単一のルールセットを含むUIKitアプリケーションは、「単一責任」の一例です。
開放/閉鎖
「開放/閉鎖の原則」とは、ソフトウェアのエンティティ(クラス、モジュール、関数など)は、拡張に対しては開かれており、修正に対しては閉じているべきであるという原則です。 エンティティは、そのソースコードを修正しなくても、その動作を拡張できます。

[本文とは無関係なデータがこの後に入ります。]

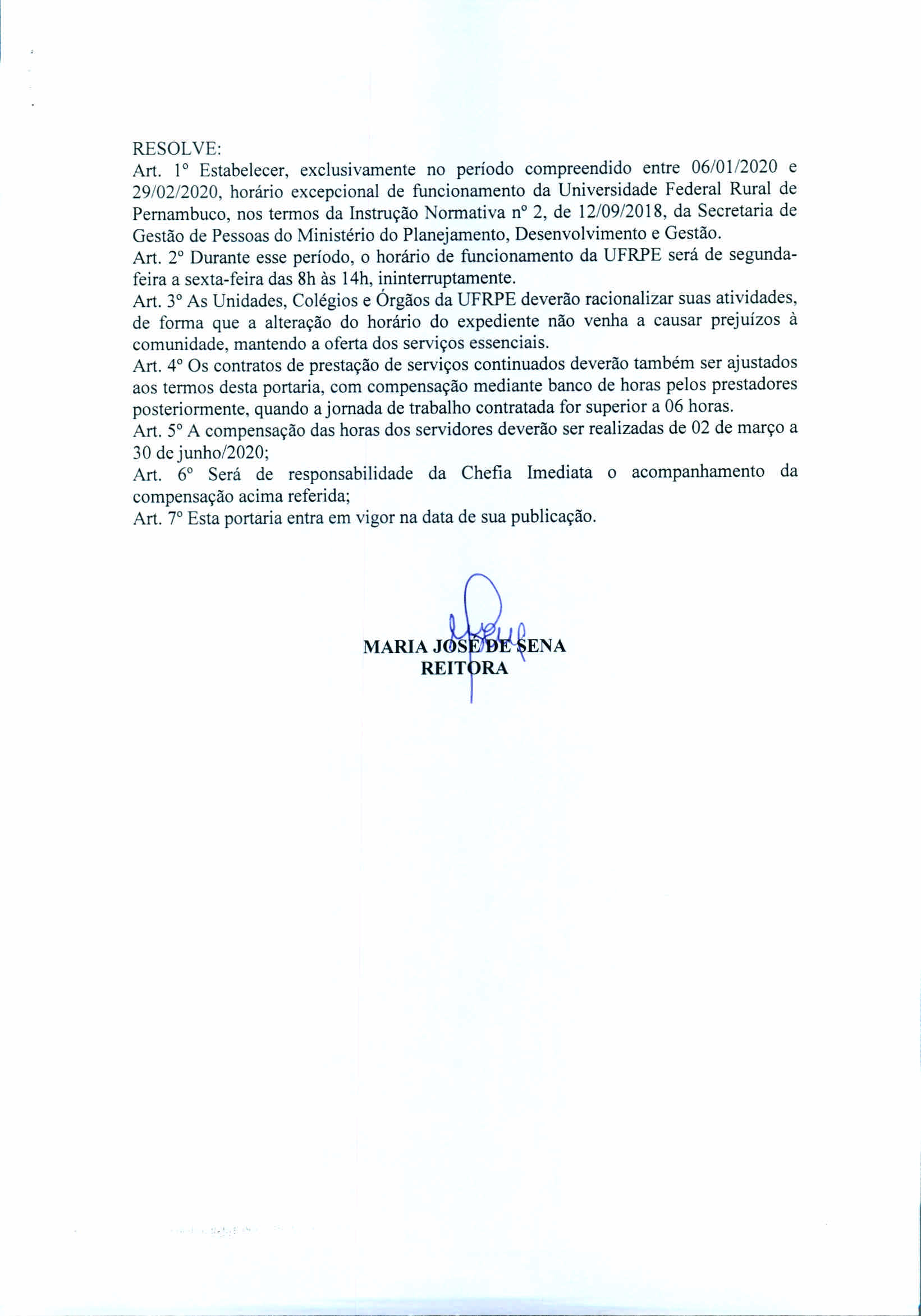 1- Em hipótese alguma deverá haver prejuízo ou descontinuidade nas atividades acadêmicas e administrativas já programadas pelos diversos Setores da UFRPE, em decorrência do horário excepcional do que trata a Portaria 01-GR de 02/01/2020;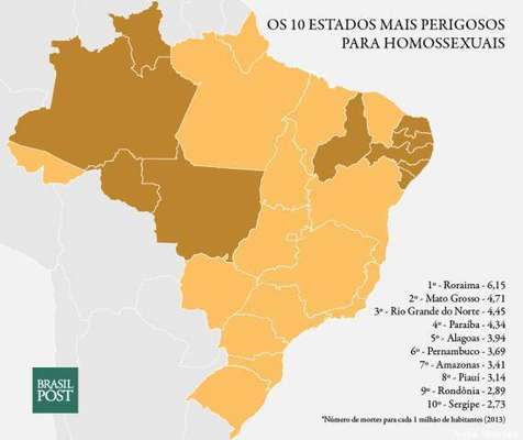 Segundo relatório do Grupo Gay da Bahia, de 2013 a 2014, um gay é morto a cada 28 horas no país. No ano passado, foram registrados 312 assassinatos de gays, travestis e lésbicas no país, garantindo o status de campeão mundial de crimes homo-transfóbicos.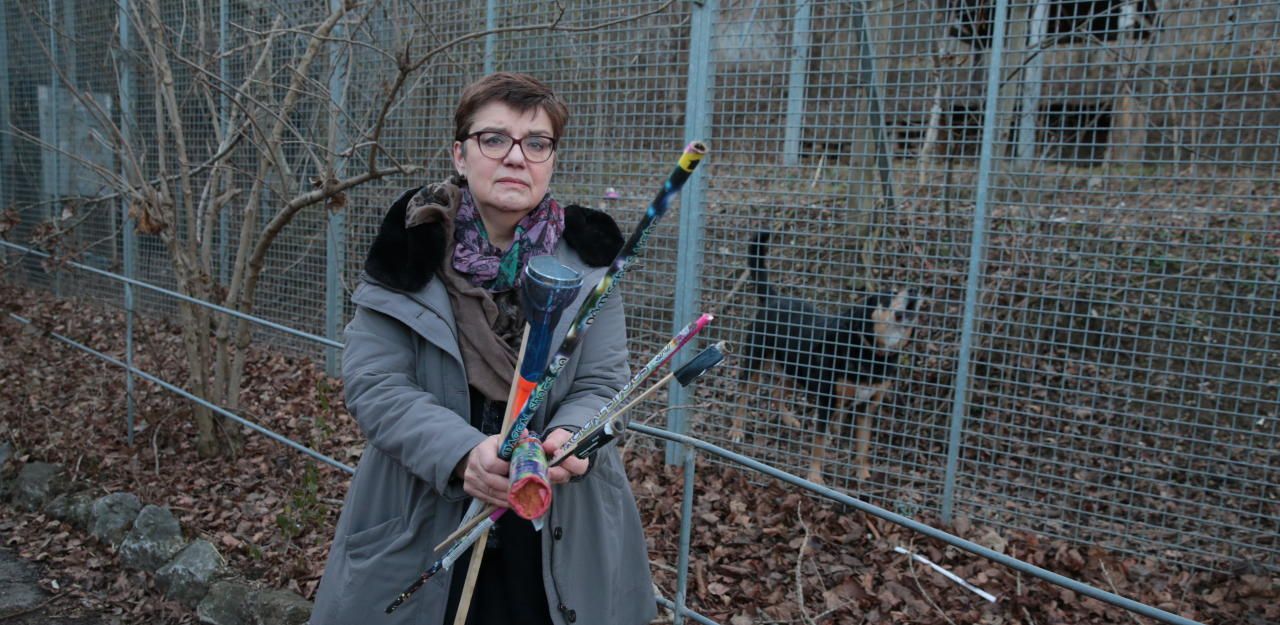 Madeleine Petrovic, Präsidentin des Tierschutzvereins, mit Raketen-Resten und einem der panischen Hunde im Hintergrund.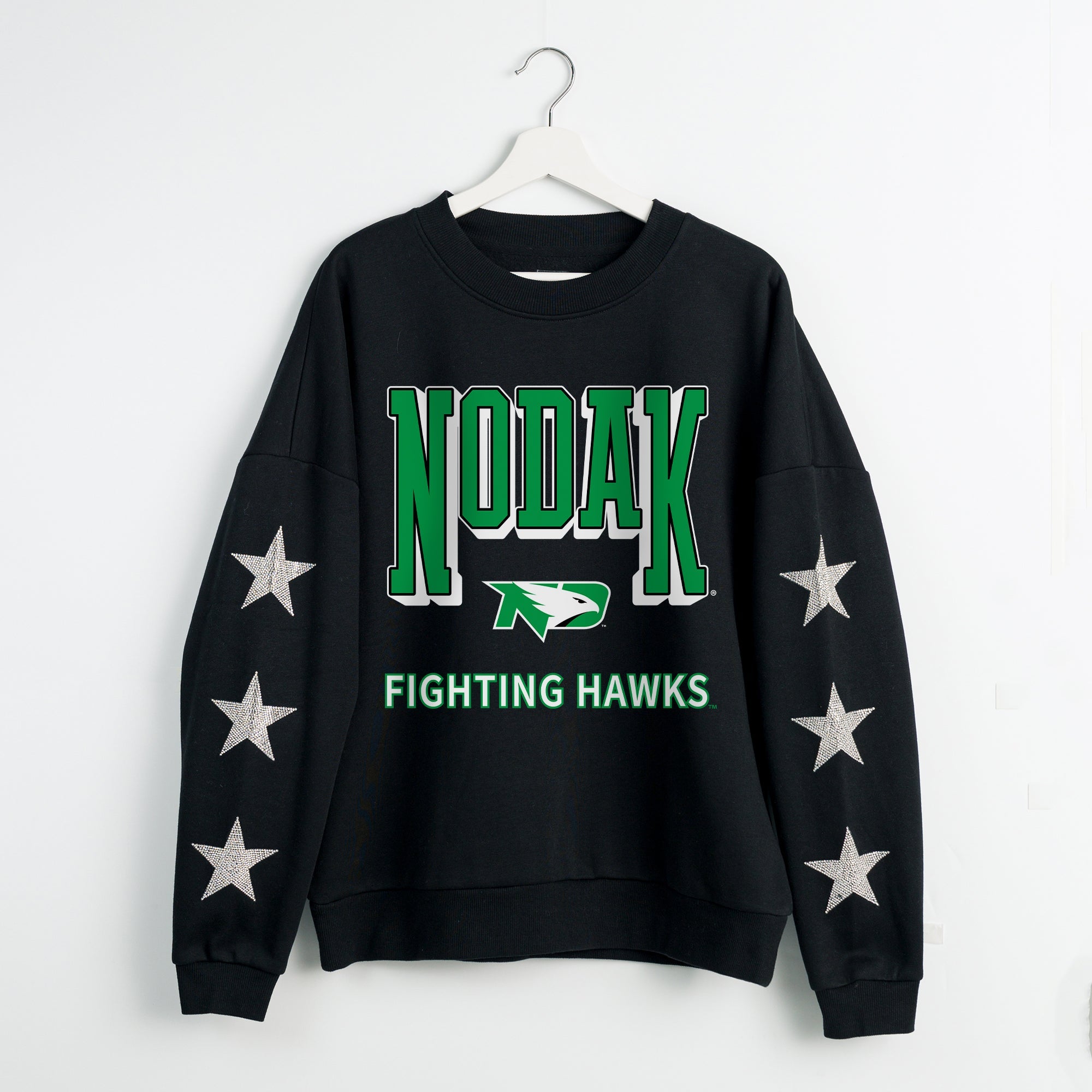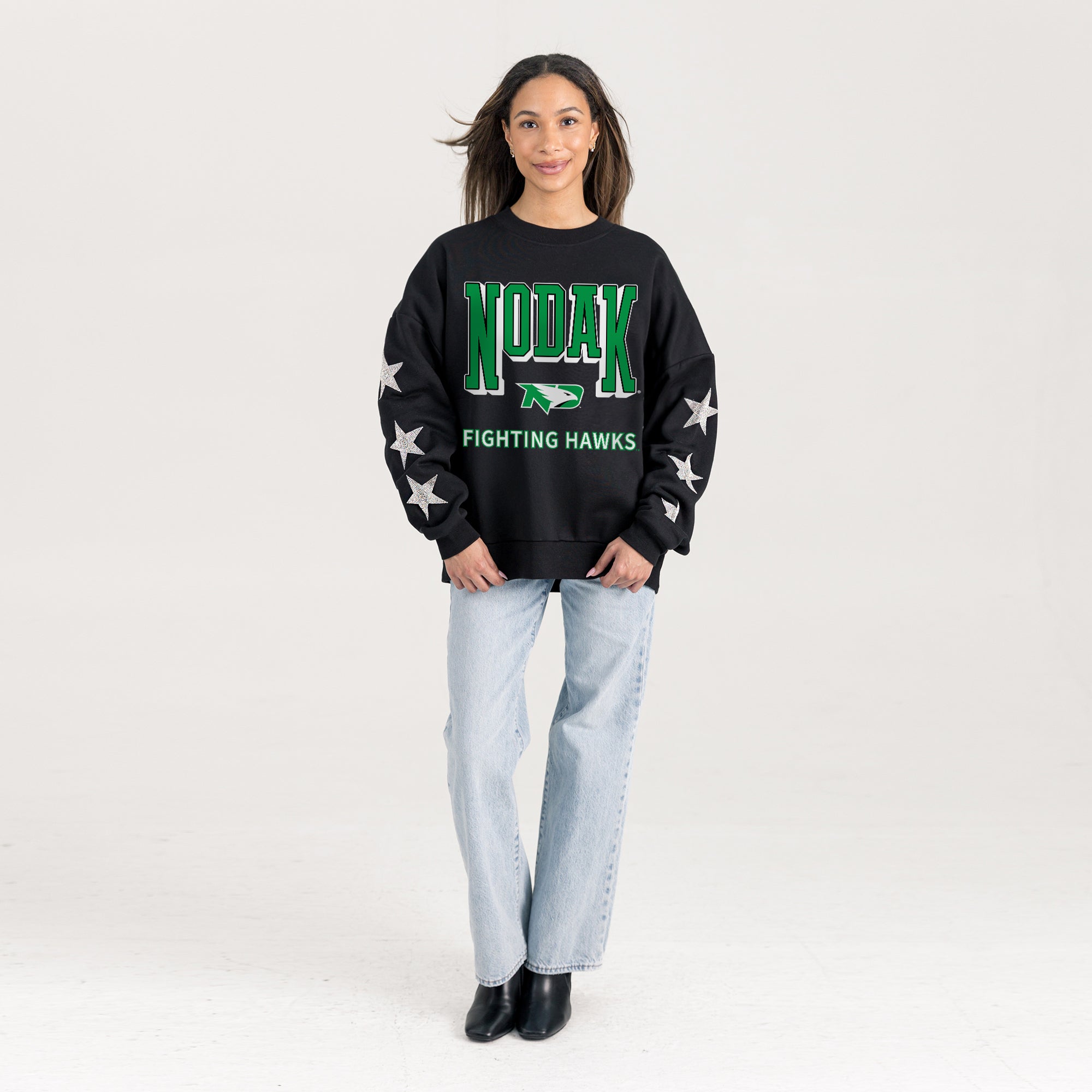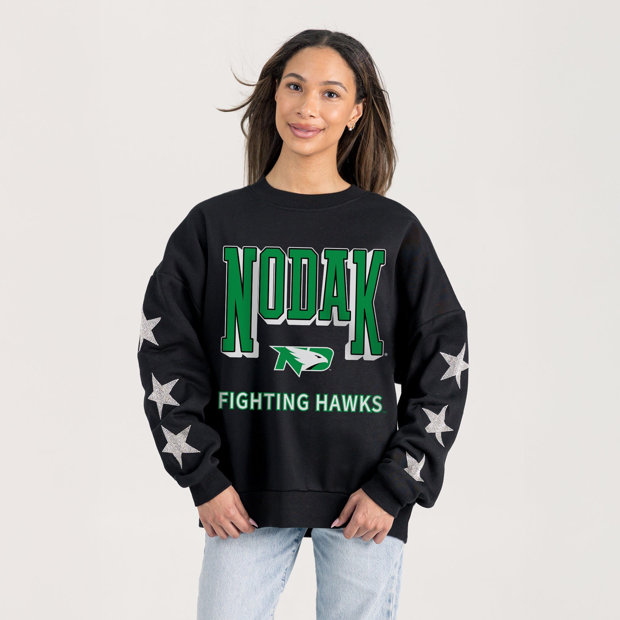Elevate gameday with our North Dakota Fighting Hawks drop shoulder, long sleeve fleece pullover adorned with rhinestud stars on the sleeves. Shine brightly and show your North Dakota Fighting Hawks pride.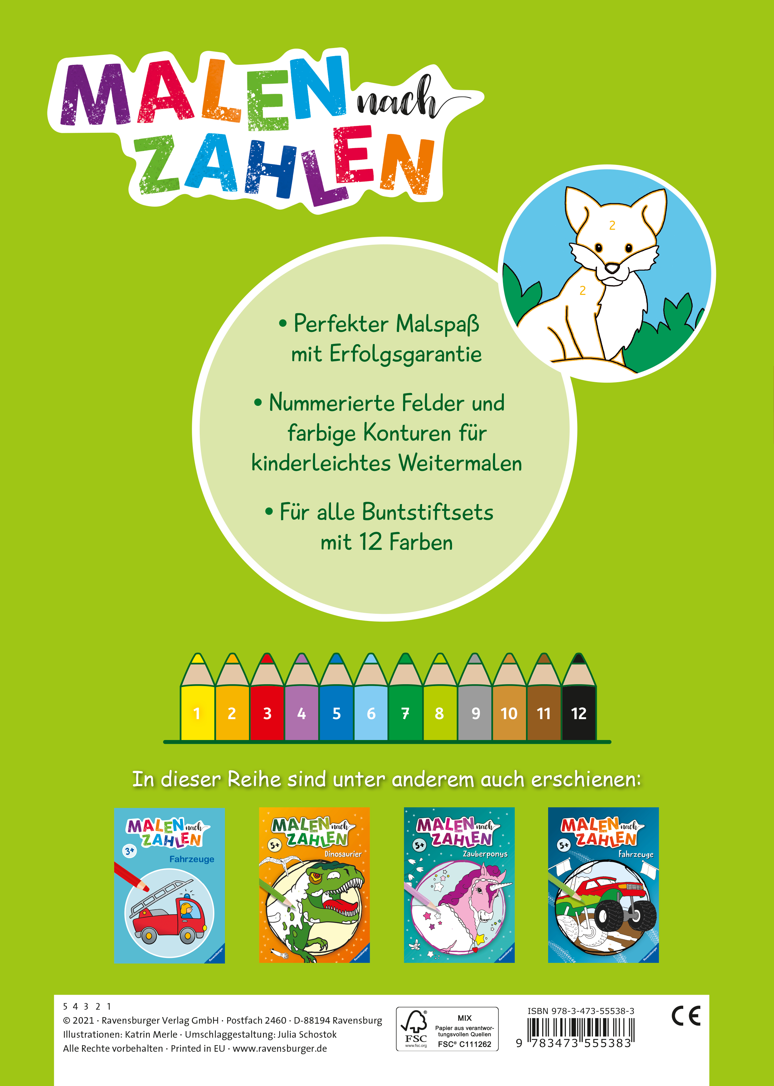 Malen wie die Profis - das ist mit der Ravensburger Erfolgsreihe "Malen nach Zahlen" kinderleicht: Alle Ausmalfelder enthalten Zahlen, die die Farben vorgeben. Die Ziffern sind gut lesbar, aber so zart, dass sie beim Übermalen verschwinden. Feld für Feld entstehen bunte, detailreiche Bilder. Und auch anspruchsvolle Motive wie Pferde oder Dinosaurier werden erfolgreich gemeistert. Die Reihe führt Mal-Angebote für vier Altersstufen (ab 3, ab 5, ab 7 und von 9-99 Jahren) sowie motivierende Lern-Blöcke für Kinder von 5 - 8 Jahren. Für die Kleinen ab 3 Jahren haben die Malflächen farbige Zahlen und farbige Rahmenlinien. Die Titel ab 5 Jahren erleichtern das Malen allein über die Farbe der Zahlen. Hefte für Kinder ab 7 fordern bewusst die Feinmotorik. Und wer schon über 9 Jahre alt ist und Malen- nach- Zahlen- Fan, der findet hier extradicke Titel voller Malvorlagen, die kein Alter kennen.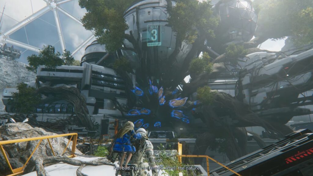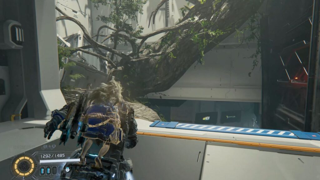 Step off the tram and go through the doorway onto a set of connected walkways. You’ll see the Terra Dome in the distance, covered in overgrown plants. Scan the area to mark a door buried under the vegetation as your next objective, but grab a few collectibles first.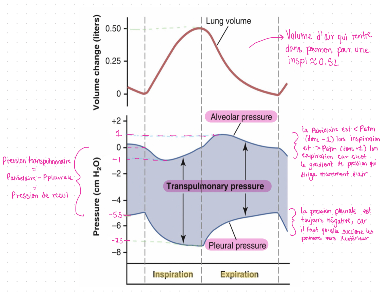 Pression transpulmonaire maximal= fin inspiration=7.5 cm d’H20
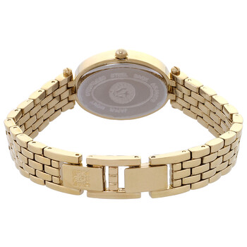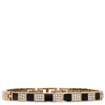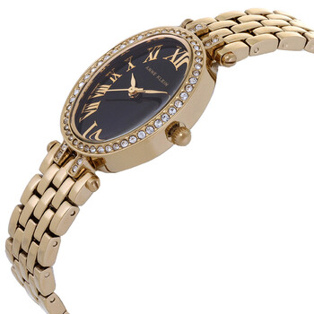 Gold-tone alloy case and bracelet. Fixed gold-tone bezel with crystal set. Black dial with gold-tone hands and Roman numeral hour markers. Dial Type: Analog. Quartz movement. Pull / push crown. Solid case back. Oval case shape, case size: 27 mm. Fold over clasp. Water resistant at 30 meters / 100 feet. Functions: hour, minute, second. Dress watch style. Watch label: Japan Movt. Item Variations: 4076BKST. Anne Klein Quartz Crystal Black Dial Ladies Watch and Bracelet Set AK/4076BKST.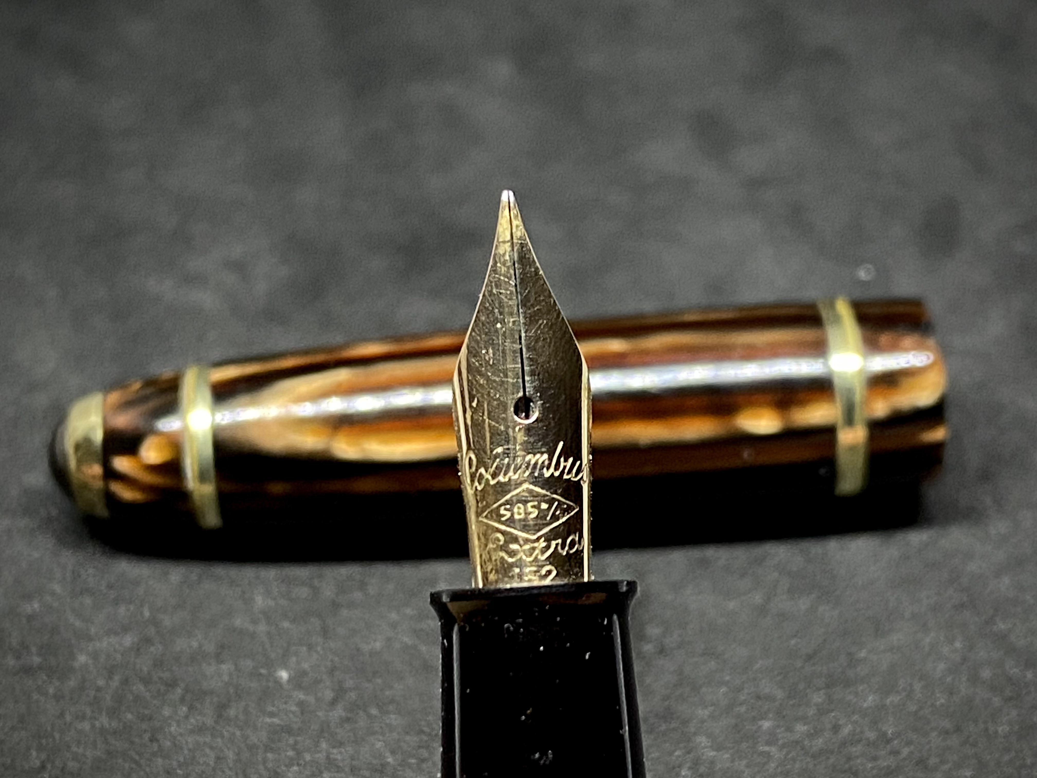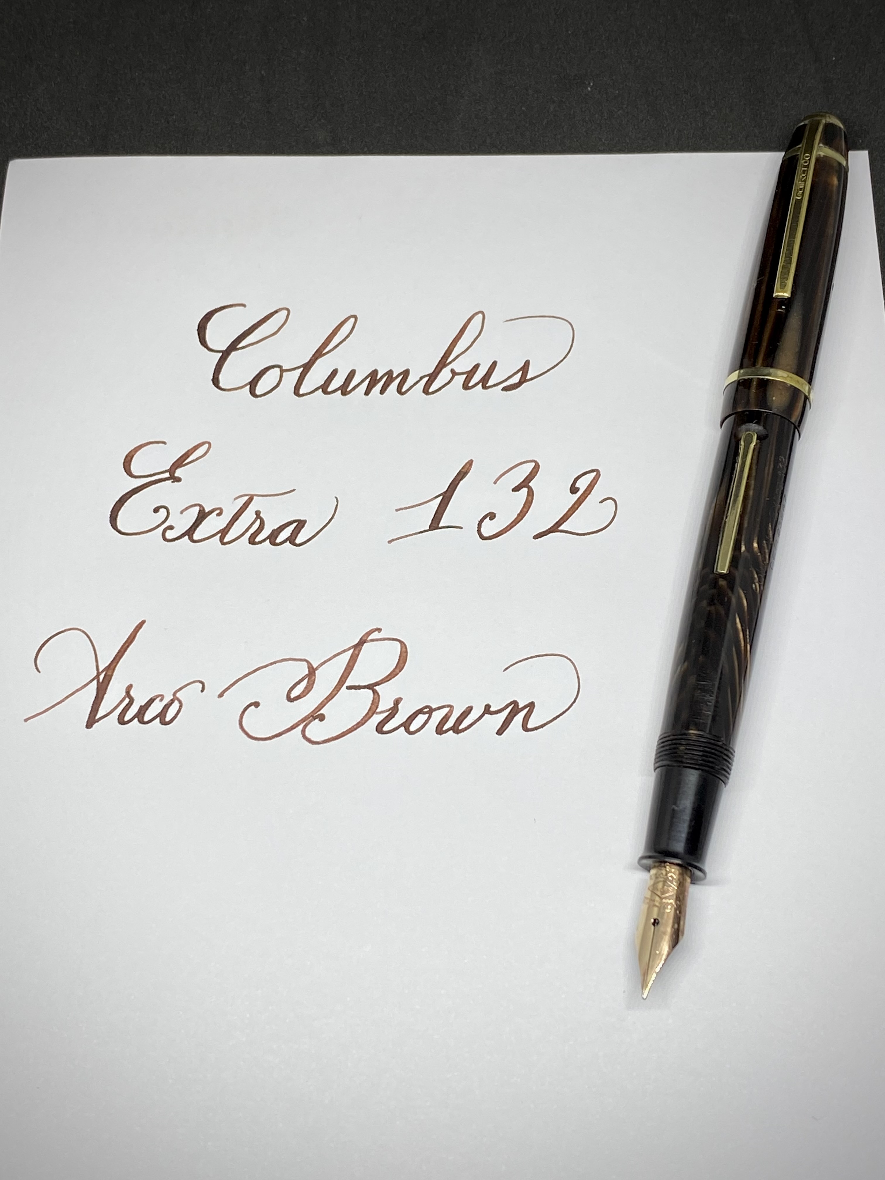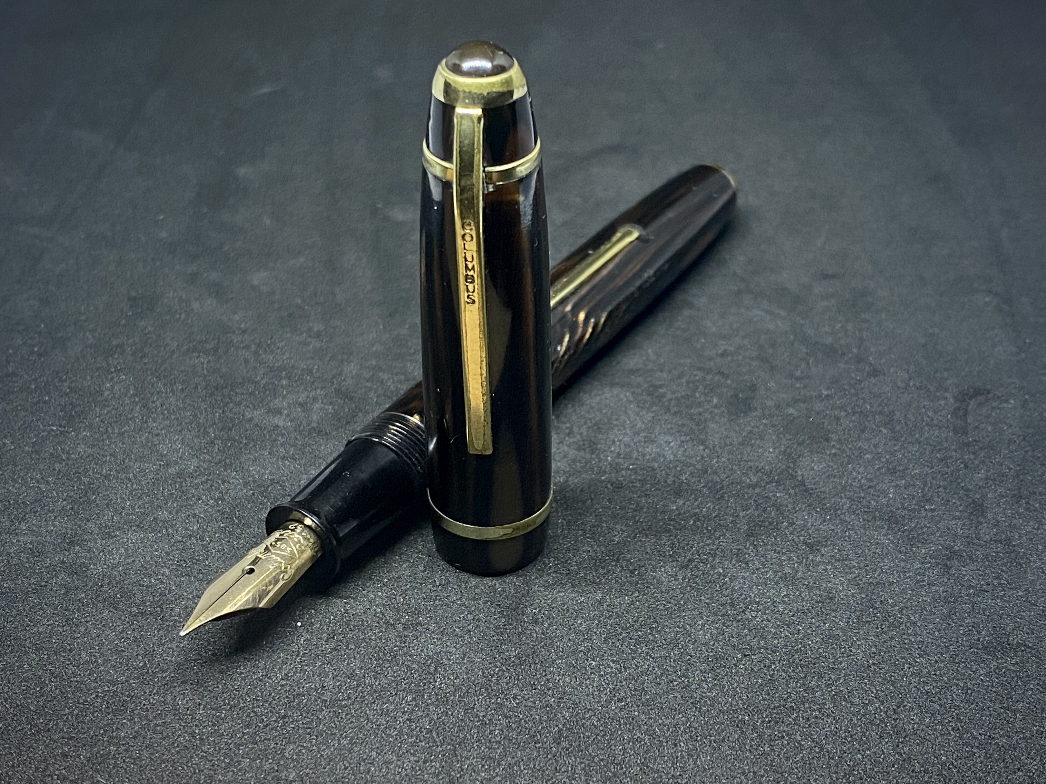 Queste Columbus secondo me sono penne di ottimo livello e gradevolissime, con celluloidi talvolta - come questa - molto belle. Ho 134 ma nessuna in arco brown…

「開放/閉鎖の原則」は、Pegaの拡張性に最も直接的に関連しています。 正しく実装されていれば、別のオブジェクトBに機能が追加されても、このオブジェクトBを使用するオブジェクトAを変更する必要はありません。 この原則に従うことで、新しい要件をサポートする新しいコードが追加されたときに、メンテナンスに集中する波及効果を回避できます。 「開放/閉鎖の原則」の例として、Pega Foundation for HealthcareのPegaHC-Data-Partyクラスが、PegaRULESのData-Partyクラスを拡張していることが挙げられます。
リスコフの置換原則
「リスコフの置換原則」とは、基本クラスによって他のオブジェクトを参照するオブジェクトは、そのクラスがどのように拡張されたかを知る必要がないという原則です。 Pega Platformの例では、クラスがData-Party-PersonまたはData-Party-Orgのいずれであっても、対応とルーティングは同じように動作します。
インターフェイス分離
「インターフェイス分離の法則」(ISP)とは、あるオブジェクトに対して、大きくて複雑な単一のインターフェイスを公開するのではなく、それぞれが特定の目的を果たす複数のインターフェイスを定義する方がよいという原則です。 ISPは、システムを分離し、リファクタリング、変更、再デプロイを容易化することを目的としています。 Pega PlatformにおけるISPの例としては、サービスパッケージやパラメーター化されたデータページなどが挙げられます。 データの伝播も、複数の個別のスカラープロパティではなく、単一のデータインスタンスが渡される場合は、ISPの定義を満たします。
依存性逆転
「依存性逆転の原則」とは、オブジェクトが、依存するオブジェクトの設定や構築を容易にするソフトウェア開発手法のことです。 これは、オブジェクトが依存関係を完全にカプセル化することとは対照的です。 「依存性逆転の原則」は、「リスコフの置換原則」と密接に関連しています。 Pega Platformにおける依存性逆転の例としては、ダイナミッククラス参照(DCR)が挙げられます。 オブジェクトが厳密にルールのPages & Classesタブ内にハードコードされた値を使用してページを作成するのとは異なり、データページはページのpxObjClassプロパティに値を入力するよう求められる場合があります。